*Dataset extract*
────────────────────

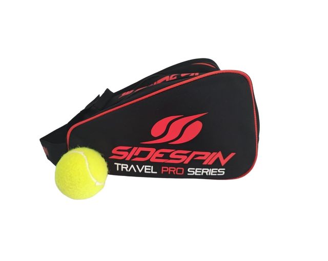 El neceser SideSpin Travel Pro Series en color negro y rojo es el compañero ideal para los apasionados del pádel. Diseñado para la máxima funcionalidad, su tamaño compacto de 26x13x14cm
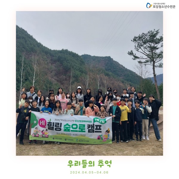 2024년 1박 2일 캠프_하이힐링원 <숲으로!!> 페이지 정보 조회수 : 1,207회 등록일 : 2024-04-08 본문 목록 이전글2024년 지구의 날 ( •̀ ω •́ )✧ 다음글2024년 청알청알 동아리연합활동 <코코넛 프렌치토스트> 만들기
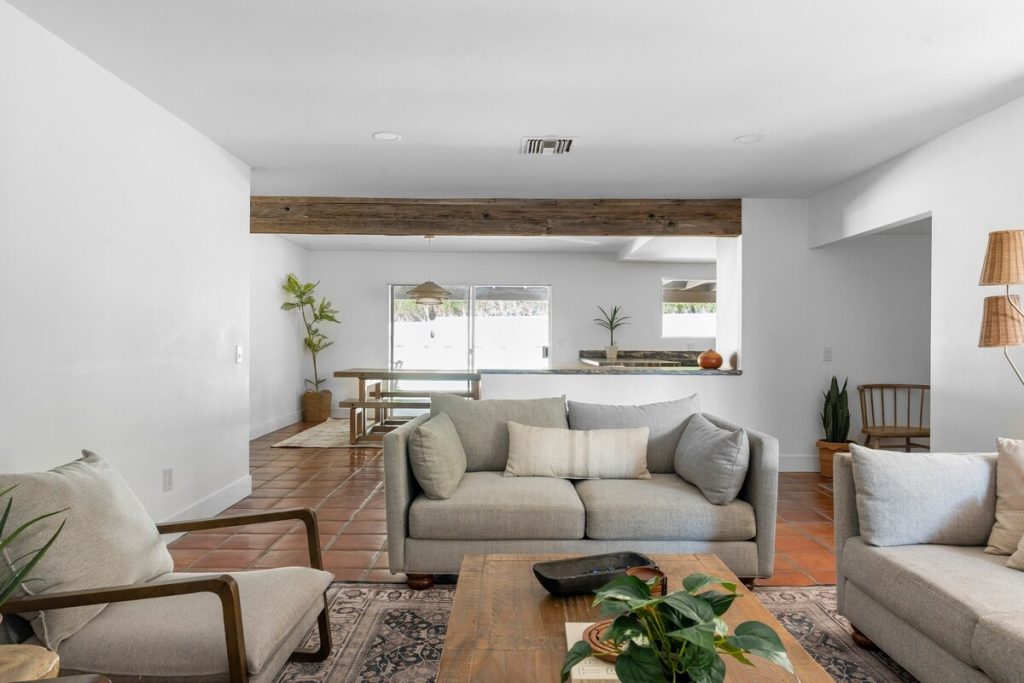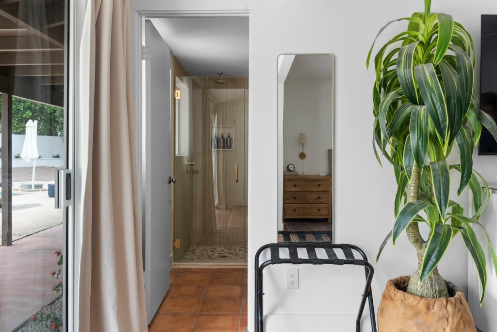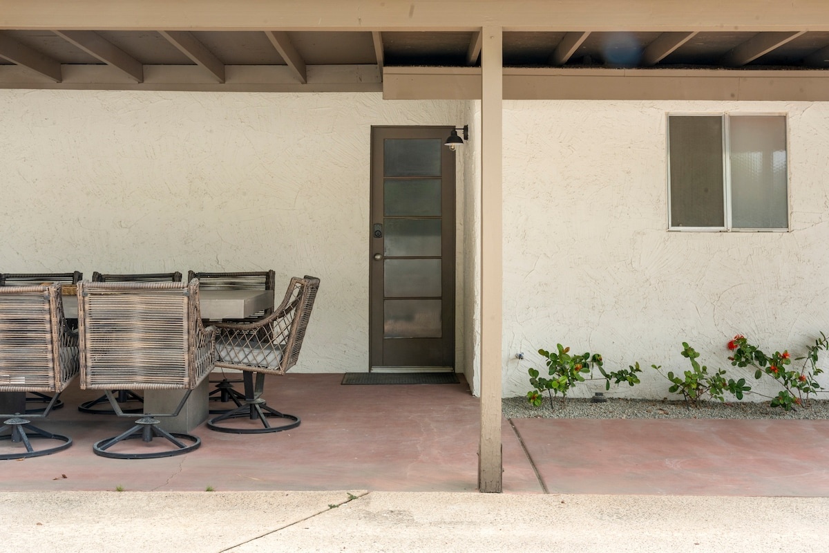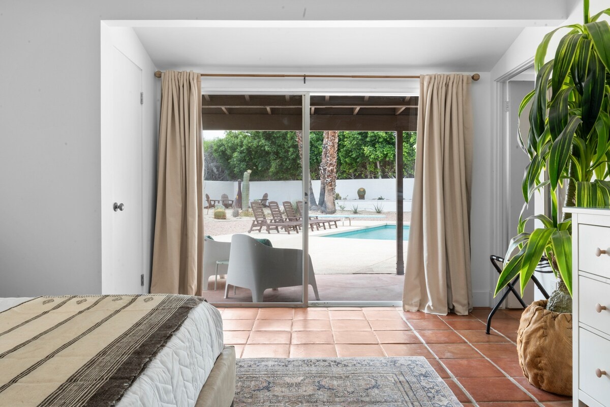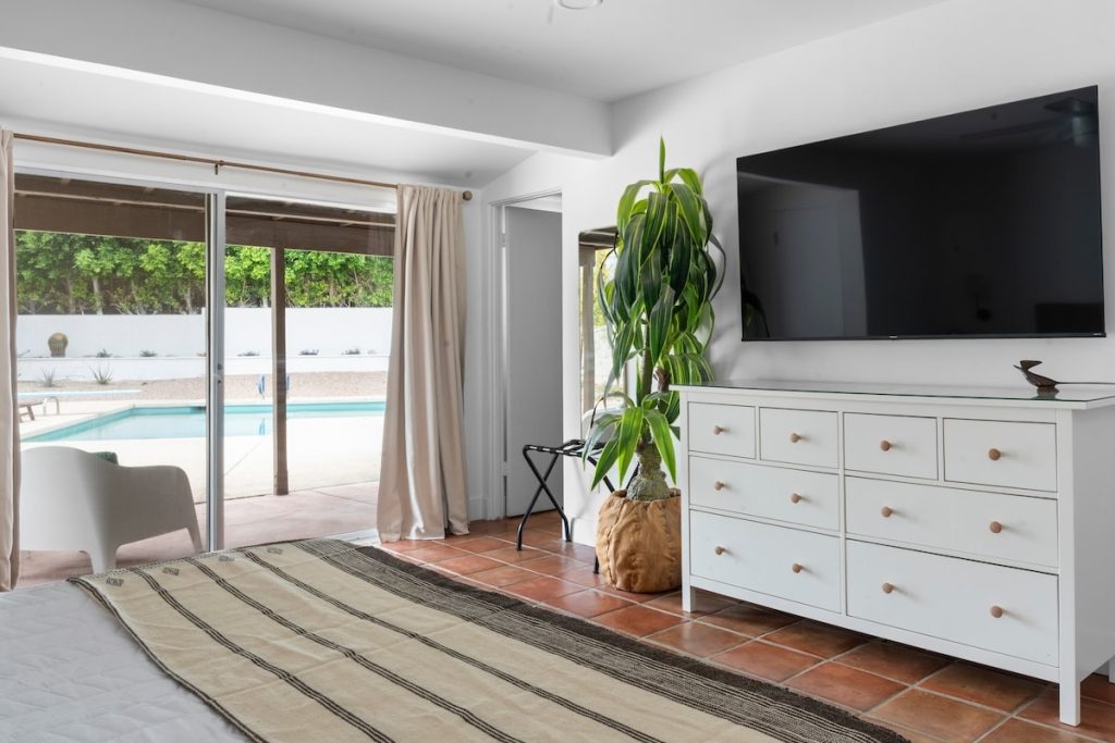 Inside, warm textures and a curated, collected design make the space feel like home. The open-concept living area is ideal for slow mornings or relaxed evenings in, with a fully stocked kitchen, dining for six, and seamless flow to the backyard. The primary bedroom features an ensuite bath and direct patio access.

────────────────────

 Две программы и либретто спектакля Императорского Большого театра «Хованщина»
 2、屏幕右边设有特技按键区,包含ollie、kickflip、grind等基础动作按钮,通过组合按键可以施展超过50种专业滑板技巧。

────────────────────

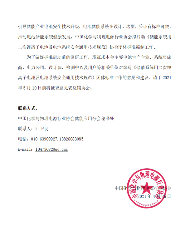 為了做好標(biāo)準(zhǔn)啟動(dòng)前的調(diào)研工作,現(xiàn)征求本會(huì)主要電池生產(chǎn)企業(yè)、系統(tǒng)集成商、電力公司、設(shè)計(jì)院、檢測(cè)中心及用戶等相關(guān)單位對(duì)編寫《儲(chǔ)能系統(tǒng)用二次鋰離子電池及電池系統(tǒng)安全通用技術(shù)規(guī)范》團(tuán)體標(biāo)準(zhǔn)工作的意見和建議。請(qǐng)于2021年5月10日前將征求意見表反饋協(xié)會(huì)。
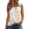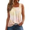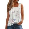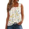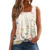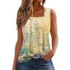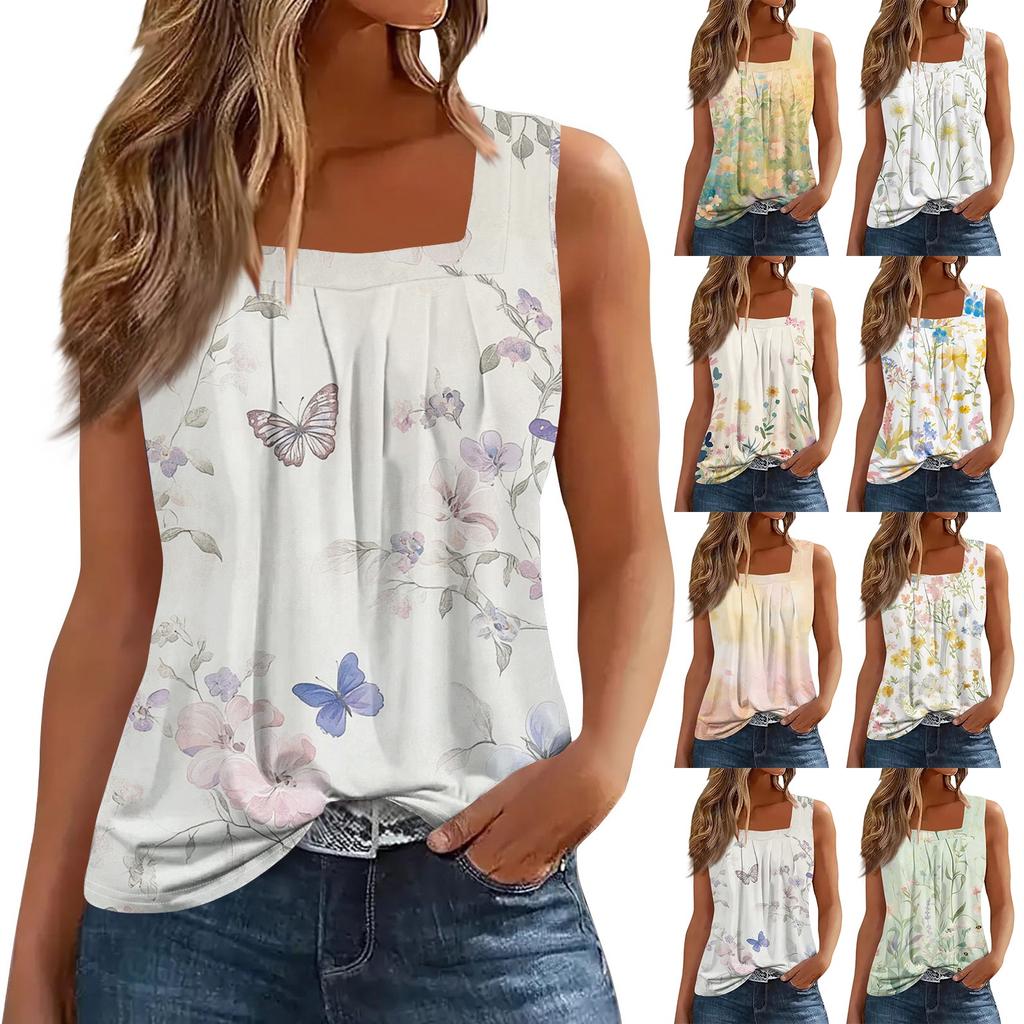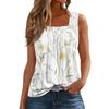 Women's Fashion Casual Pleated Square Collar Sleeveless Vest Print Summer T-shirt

────────────────────

*What to do*
For this exercise, set down the lines in the entries above from the one with "El neceser SideSpin" through the one with "Inside, warm textures" exactly as written, without any pictures.

*Task solution*
 El neceser SideSpin Travel Pro Series en color negro y rojo es el compañero ideal para los apasionados del pádel. Diseñado para la máxima funcionalidad, su tamaño compacto de 26x13x14cm
 2024년 1박 2일 캠프_하이힐링원 <숲으로!!> 페이지 정보 조회수 : 1,207회 등록일 : 2024-04-08 본문 목록 이전글2024년 지구의 날 ( •̀ ω •́ )✧ 다음글2024년 청알청알 동아리연합활동 <코코넛 프렌치토스트> 만들기
 Inside, warm textures and a curated, collected design make the space feel like home. The open-concept living area is ideal for slow mornings or relaxed evenings in, with a fully stocked kitchen, dining for six, and seamless flow to the backyard. The primary bedroom features an ensuite bath and direct patio access.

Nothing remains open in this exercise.